3. **Comparing Groups with Permutation Tests**:
   - Conduct permutation tests to assess if differences in mental health, self-esteem, and relationship satisfaction scores are statistically meaningful by comparing observed data to a randomly permuted distribution. This will test if high social media usage significantly associates with lower mental health scores compared to low usage.

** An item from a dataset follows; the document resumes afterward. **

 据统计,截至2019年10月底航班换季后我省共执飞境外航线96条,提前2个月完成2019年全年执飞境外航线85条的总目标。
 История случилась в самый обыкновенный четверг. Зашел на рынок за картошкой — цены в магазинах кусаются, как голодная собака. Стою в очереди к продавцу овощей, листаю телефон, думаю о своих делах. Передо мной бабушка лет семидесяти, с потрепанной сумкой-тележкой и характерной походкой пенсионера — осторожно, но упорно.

4. **Linear Regression with Indicator Variable Contrasts**:
   - Apply linear regression using social media usage levels as indicator variables to model each outcome variable separately. By setting “Low” usage as the baseline, we can examine the coefficients for “Moderate” and “High” usage to determine their impact on mental health and relationship outcomes.
   
**Assumption**
- the responses from participants regarding their social engagement during physical activities are independent, meaning that one participant's level of engagement does not influence another's
- the scale used to measure loneliness and self-expression are valid and effectively capture the constructs they are intended to assess, ensuring that the findings are meaningful and accurate.
- variances of loneliness and self-expression scores are consistent across different levels of social engagement, which is important for the validity of the statistical tests employed, such as linear regression and permutation tests.
   
#### Hypothesis and Expected Results

**Hypothesis**:
1. **Loneliness**  
   - **Null Hypothesis (H<sub>0</sub>)**: There is no association between social engagement frequency during physical activities and loneliness levels, meaning individuals' loneliness scores do not significantly differ based on their social engagement.

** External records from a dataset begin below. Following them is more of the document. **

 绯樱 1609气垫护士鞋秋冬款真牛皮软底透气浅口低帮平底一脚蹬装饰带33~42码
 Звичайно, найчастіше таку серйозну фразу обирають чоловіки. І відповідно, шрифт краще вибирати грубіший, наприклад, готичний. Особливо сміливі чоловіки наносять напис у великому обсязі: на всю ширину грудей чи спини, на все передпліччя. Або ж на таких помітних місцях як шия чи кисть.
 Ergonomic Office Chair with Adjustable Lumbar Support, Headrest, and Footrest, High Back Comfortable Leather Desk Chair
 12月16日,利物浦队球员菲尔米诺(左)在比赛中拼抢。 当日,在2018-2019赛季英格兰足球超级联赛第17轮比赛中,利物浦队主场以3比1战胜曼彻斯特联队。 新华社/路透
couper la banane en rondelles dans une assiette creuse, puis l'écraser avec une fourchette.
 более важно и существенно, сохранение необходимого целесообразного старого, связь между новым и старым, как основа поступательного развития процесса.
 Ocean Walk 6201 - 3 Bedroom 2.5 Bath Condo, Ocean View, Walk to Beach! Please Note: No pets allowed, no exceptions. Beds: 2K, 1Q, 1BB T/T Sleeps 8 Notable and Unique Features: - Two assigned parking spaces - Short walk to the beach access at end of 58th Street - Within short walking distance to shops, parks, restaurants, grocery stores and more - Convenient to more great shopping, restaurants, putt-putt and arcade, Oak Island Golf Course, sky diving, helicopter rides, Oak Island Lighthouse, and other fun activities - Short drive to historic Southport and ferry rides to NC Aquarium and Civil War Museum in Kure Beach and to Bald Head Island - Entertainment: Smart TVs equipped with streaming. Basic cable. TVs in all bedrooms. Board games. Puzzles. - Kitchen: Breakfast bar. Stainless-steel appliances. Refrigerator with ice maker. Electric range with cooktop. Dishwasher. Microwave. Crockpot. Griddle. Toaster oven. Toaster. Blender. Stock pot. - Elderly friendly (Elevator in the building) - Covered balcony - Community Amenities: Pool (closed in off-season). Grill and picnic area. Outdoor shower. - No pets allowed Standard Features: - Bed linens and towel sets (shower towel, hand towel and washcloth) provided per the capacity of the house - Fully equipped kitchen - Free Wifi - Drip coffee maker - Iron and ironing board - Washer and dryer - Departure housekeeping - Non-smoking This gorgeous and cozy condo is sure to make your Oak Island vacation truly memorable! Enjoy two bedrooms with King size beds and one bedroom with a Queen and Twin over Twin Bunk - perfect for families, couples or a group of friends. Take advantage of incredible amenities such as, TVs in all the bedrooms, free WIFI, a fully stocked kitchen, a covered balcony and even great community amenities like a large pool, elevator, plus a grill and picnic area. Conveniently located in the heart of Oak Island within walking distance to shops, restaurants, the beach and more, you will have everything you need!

2. **Ability to Express True Self**  
   - **Null Hypothesis (H<sub>0</sub>)**: There is no association between social engagement frequency and the ability to express one's true self, implying varying social engagement levels do not significantly affect self-expression scores.

**Expected Results**:
1. Loneliess: Bootstrapped confidence intervals should show lower loneliness scores for individuals with higher social engagement, with non-overlapping intervals indicating significant differences. A significant p-value from the permutation test would support that more frequent social engagement reduces loneliness. We anticipate a negative coefficient for higher engagement levels in linear regression, indicating that greater social engagement correlates with lower loneliness.
2. Ability to Express True Self: : Higher engagement levels are expected to show higher self-expression scores in bootstrapped confidence intervals, with non-overlapping intervals suggesting significant associations. The permutation test is likely to yield a significant p-value, indicating that high engagement participants report greater self-expression. In regression analysis, we expect positive coefficients for higher engagement levels, suggesting that increased engagement enhances self-expression.